Given material:
*****

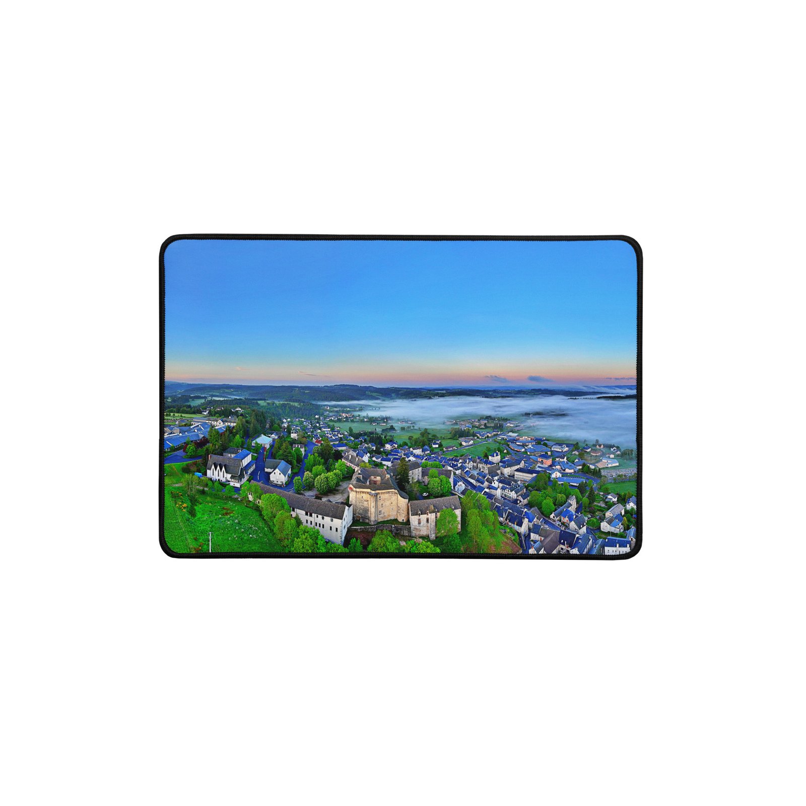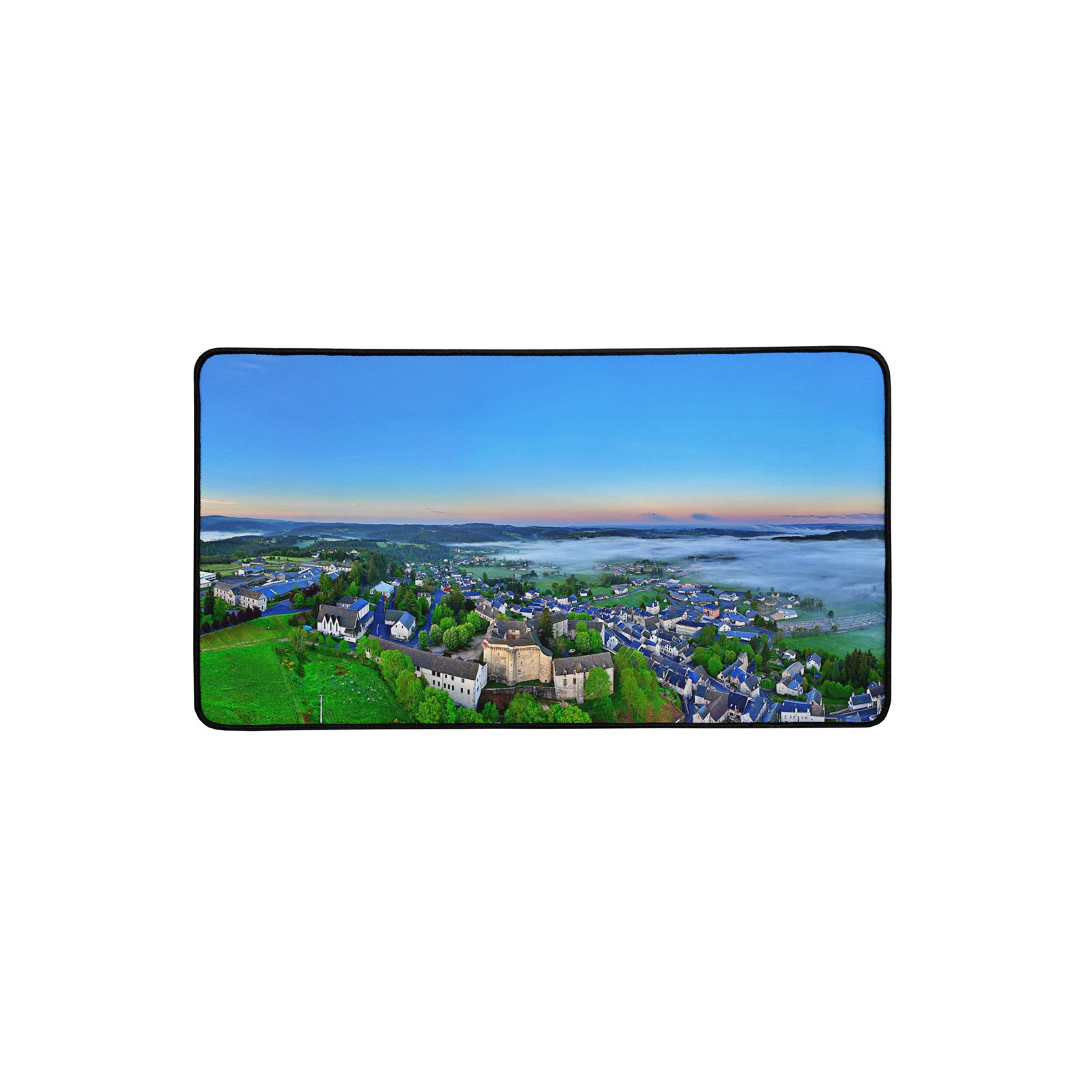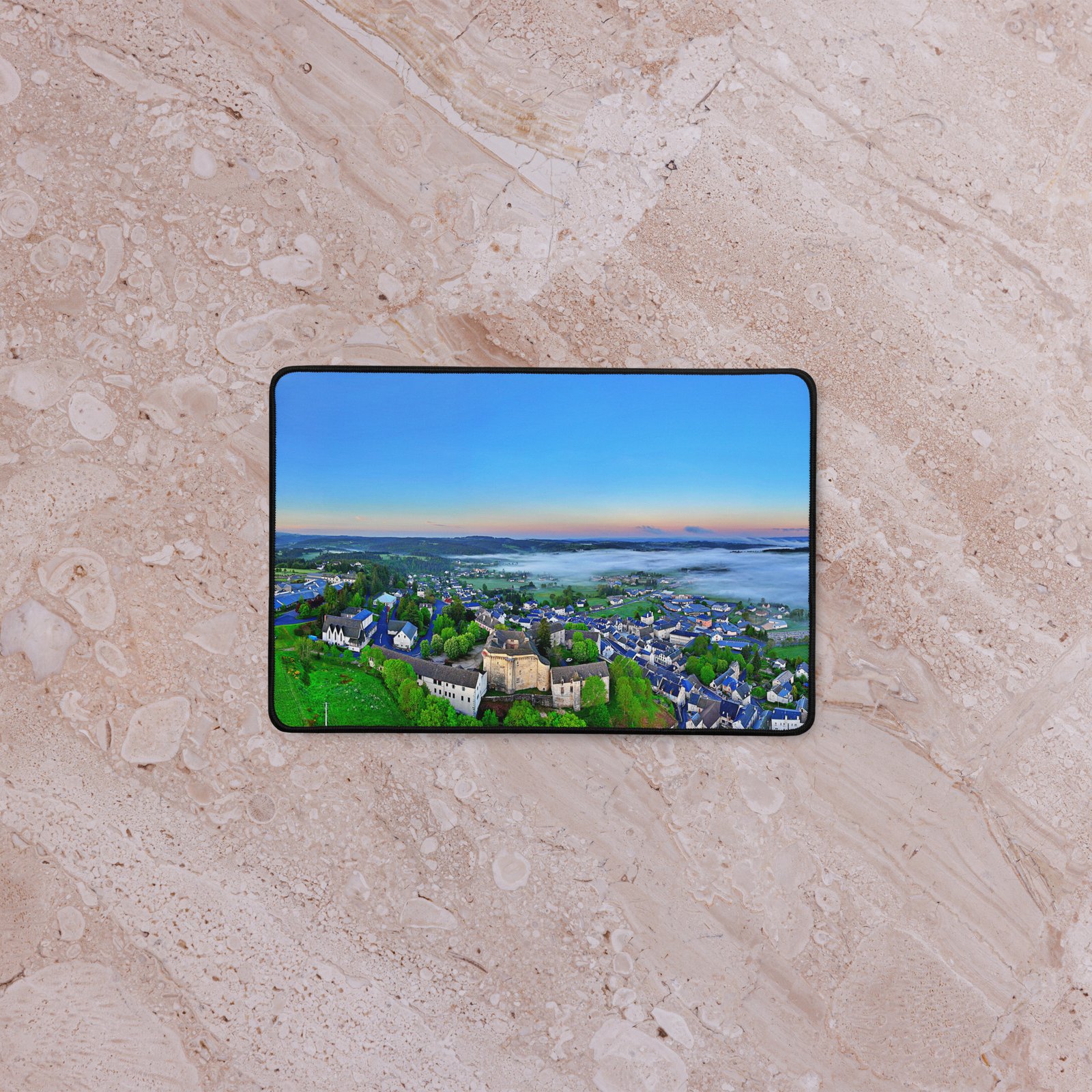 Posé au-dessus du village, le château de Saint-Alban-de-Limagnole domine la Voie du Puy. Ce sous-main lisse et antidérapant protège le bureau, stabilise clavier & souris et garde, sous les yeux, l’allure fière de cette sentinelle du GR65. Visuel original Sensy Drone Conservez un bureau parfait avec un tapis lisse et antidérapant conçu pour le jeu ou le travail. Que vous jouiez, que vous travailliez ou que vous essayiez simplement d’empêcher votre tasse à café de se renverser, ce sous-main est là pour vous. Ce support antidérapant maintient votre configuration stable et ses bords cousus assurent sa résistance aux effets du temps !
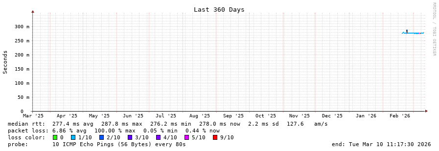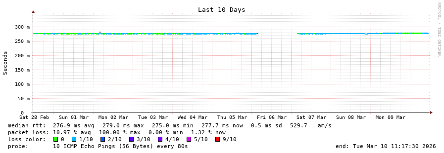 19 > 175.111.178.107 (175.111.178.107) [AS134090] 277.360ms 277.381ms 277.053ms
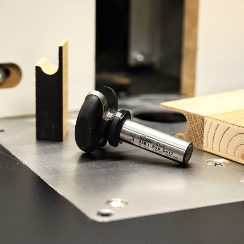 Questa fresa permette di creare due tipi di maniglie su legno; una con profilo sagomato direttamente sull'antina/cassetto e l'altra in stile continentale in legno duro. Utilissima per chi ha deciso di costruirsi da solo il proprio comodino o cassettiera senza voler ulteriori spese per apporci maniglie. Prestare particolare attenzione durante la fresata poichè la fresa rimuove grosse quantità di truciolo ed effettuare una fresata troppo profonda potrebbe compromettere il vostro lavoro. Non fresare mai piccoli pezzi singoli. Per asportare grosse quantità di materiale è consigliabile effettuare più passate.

*****

Task prompt: Once the line containing "19 > 175.111.178.107" is found, transcribe it and the rest of the lines to the end of the listing above exactly, omitting all pictures.

Response area:
 19 > 175.111.178.107 (175.111.178.107) [AS134090] 277.360ms 277.381ms 277.053ms
 Questa fresa permette di creare due tipi di maniglie su legno; una con profilo sagomato direttamente sull'antina/cassetto e l'altra in stile continentale in legno duro. Utilissima per chi ha deciso di costruirsi da solo il proprio comodino o cassettiera senza voler ulteriori spese per apporci maniglie. Prestare particolare attenzione durante la fresata poichè la fresa rimuove grosse quantità di truciolo ed effettuare una fresata troppo profonda potrebbe compromettere il vostro lavoro. Non fresare mai piccoli pezzi singoli. Per asportare grosse quantità di materiale è consigliabile effettuare più passate.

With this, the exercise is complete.